Хайме стало лучше, и он как-то спросил у тетки, не заходил ли к нему его друг Хуан Мануэль. Асунсьон сказала, что нет, не заходил.

— Ты еще не поумнел? Ты теперь думай о своем будущем. Займись учебой и позабудь обо всем этом вздоре, которым набита твоя голова. Вот видишь, мне удалось немного успокоить дядю, он даже позволил тебе читать все, что ты Захочешь, пока ты болен.

— А падре Обрегон? Он тоже не… заходил?

— Заходил. Он сказал, чтобы ты некоторое время подождал прежде чем к нему идти, и чтобы почаще вспоминал его слова. Не знаю, мне иногда кажется, что наш падре Обрегон немножко тронутый. Недаром мальчики предпочитают его. А не вернуться ли тебе к падре Лансагорте?

— Нет, нет…

— Что ж, воля твоя.

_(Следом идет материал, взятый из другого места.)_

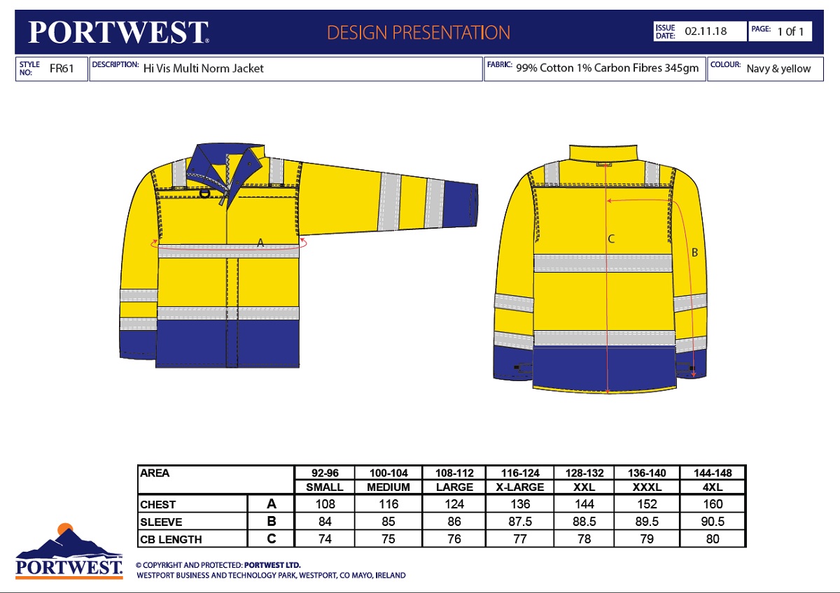 VÍCENÁSOBNÁ OCHRANA PROTI NEBEZPEČÍ Tato FR60 kombinéza je vyrobena s reflexními pruhy pro větší viditelnost, nehořlavá, s plnou příslušnou certifikací. Tento pohodlný oděv poskytuje ochranu proti více rizikům, včetně vystavení teplu, ohni, chemikáliím, elektrickému oblouku a svařování. Dvojité prošití, Hi-Vis pruhy na hrudníku, horních a dolních končetinách, krytý mosazný dvoucestný zip, dvě kryté přední kapsy na hrudi, kryté boční kapsy, zadní kapsy a kapsu na metr. Tento oděv má také patentované kapsy kolenní vložky Materiál: Bizflame™ Mult 345 g Nastavitelné manžety na háček a očko UPF 50+ Trojité švy Maloobchodní balení Smyčka na radiostanici Kapsa na mobilní telefon Kapsy na kolenní vložky HRC2 Nehořlavá páska pro průmyslové praní Pohodlná, prodyšná tkanina Náprsní kapsa CE certifikace Mosazný zip Kombinované ATPV hodnocení 9 kapes Dvoucestný zip NormyELIM TESTING IN PROGRESSEN 1149 -5EN 13034 Type 6EN ISO 11612 A1+A2, B1, C1, E3, F1EN ISO 11611 Class 1 A1+A2IEC 61482-2 IEC 61482-1-2 Class 1EN ISO 20471 Class 3ASTM F1959/F1959M-12 ATPV=13.6 Cal/CM2 (HAF=82%) BIZFLAME MULTI - vysoce inovativní nehořlavá tkanina a navís vysokou viditelností, 99% bavlna, 1% uhlíkové vlákno, antistatické vlastnosti, ochrana před plamenem, elektrickým obloukem.

Посмотрим, что скажет дядя.

— Я бы хотел повидать Хуана Мануэля.

— Ты еще не поумнел?

В начале мая Родольфо Себальос стал хиреть. Сперва он почувствовал все возраставшую усталость при подъеме по винтовой лестнице. Раза четыре по меньшей мере приходилось ему останавливаться. Иногда слуги, привыкшие к скрипу железных ступенек, выглядывали из окон и смотрели, как поднимается этот толстяк, приходивший из магазина без пиджака, с обвисшими брюками на подтяжках в красную полоску. Четыре ступеньки, пять, пальцы судорожно хватаются за перила — казалось, непрочный остов лестницы не выдержит груза этого тучного тела. Еще несколько шагов вверх, снова передышка и тревожный взгляд. Слуги подсматривали исподтишка, скрывая свое любопытство. Потом у Родольфо началась бессонница. По ночам Хайме и супруги Балькарсель слышали над головой сомнамбулическое шарканье по плоской крыше. «Ты схватишь воспаление легких», — сказала ему Асунсьон. Одной из немногих радостей для Родольфо в часы бессонницы было наблюдать восход солнца. Прохладный воздух вызывал у него кашель. Свет зари будто очерчивал белыми контурами, придавал объемность, глубину и яркость тому, что несколько минут назад казалось мутным гладким стеклом. В шесть утра он снова ложился, и ему удавалось с полчаса вздремнуть. Спал он крепко, но тревожно. Ему грезилось, что спальня заполнена врагами, а он, как ни силится, беспомощно лежит и спит на дне колодца. Около семи он просыпался и, одевшись, спускался позавтракать — выпить чаю с сухарями. Резкая боль вдруг пронзала низ живота, он, извинившись, выходил в уборную и мочился с острым, болезненным наслаждением. Мочился очень часто. Ночного горшка, стоявшего в спальне, не хватало на ночь. Он должен был выходить на узкую галерейку.